Both of these statements are true in the case of this solo example attached to a multicolored postcard-sized label with an illustration of a palm tree and the legend “souvenir cocoanut grown in Miami, Florida.” The label was presumably attached to a crate or package containing a coconut and was mailed from Miami to Oley, Pennsylvania.
It is just over 1,040 miles from Miami to Oley. At first glance, this would appear to fall within the sixth parcel post, which covered packages traveling 1,000–1,400 miles, but there were no 14¢ zone 6 rates during the American Indian stamp’s period of use.1 2 Prior to April 15, 1925, however, a zone 5 (600–1,000 miles) rate equaling 14¢ did exist: 8¢ for the first pound, and 6¢ for each additional pound.
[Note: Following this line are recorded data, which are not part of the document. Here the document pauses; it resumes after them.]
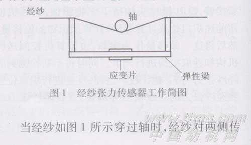 织机在织造过程中,经纱动态张力对织造的,顺利进行有着很大的影响,张力过大,易引起断头,影响织造效率;张力不足易造成梭口不清,形成三跳疵点,使布面及纹路不够清晰。测量数根经纱张力的经纱张力传感器工作简图如图1所示,其原理是基于金属电阻的应变效应。
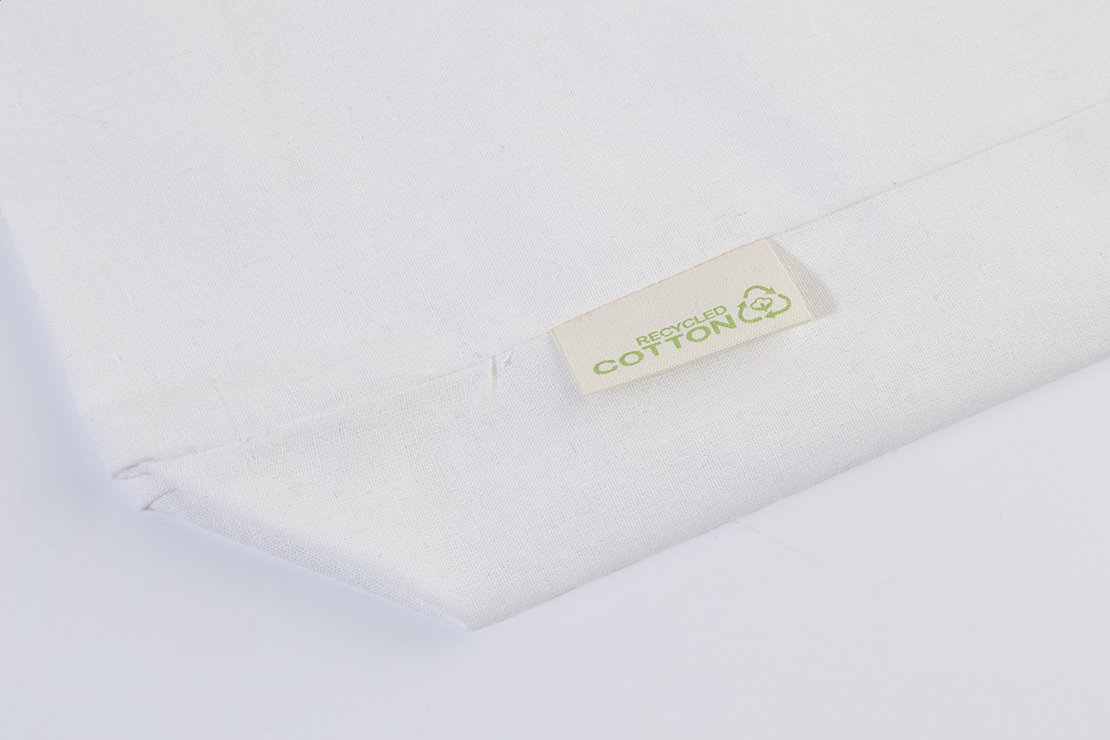 Sacoșă de cumpărături, cu pliu și mânere lungi, din 70% bumbac reciclat și 30% poliester RPET, 140 g/m². Cu etichetă distinctivă din bumbac reciclat.
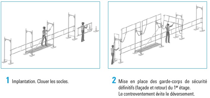 - Il y a lieu d’utiliser en priorité les matériels préfabriqués dont les garde-corps sont mis en place à partir du niveau inférieur déjà exécuté et protégé, avant la mise en place du plancher supérieur,
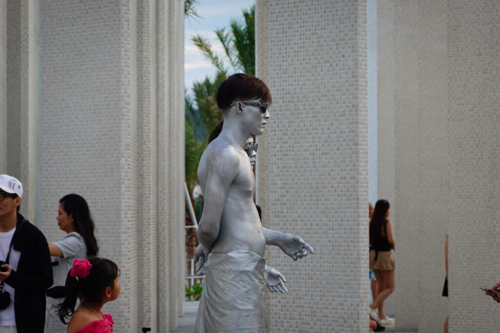 人が集まるところに行商人、フリーのカメラマン、そしてパフォーマーあり。全身に銀粉を塗布し銅像のように静止しています。

While it is possible that other stamps may have been attached to the parcel itself rather than to the label pictured here, or that postage was underpaid or overpaid, the simplest explanation is that the distance from the center of the Miami parcel post unit to the boundary of the unit in which Oley sat was no more than 1,000 miles. In that case, this is an example of the 14¢ American Indian stamp paying the fifth zone rate for a package weighing up to two pounds.
- Distance from Miami, FL to Oley, PA. Distance Between Cities. Accessed 20 June 2022.
- Beecher, Henry W., and Anthony S. Wawrukiewicz. U.S. Domestic Postal Rates, 1872–2011. 3rd ed. Bellefonte, Pennsylvania: American Philatelic Society, 2011.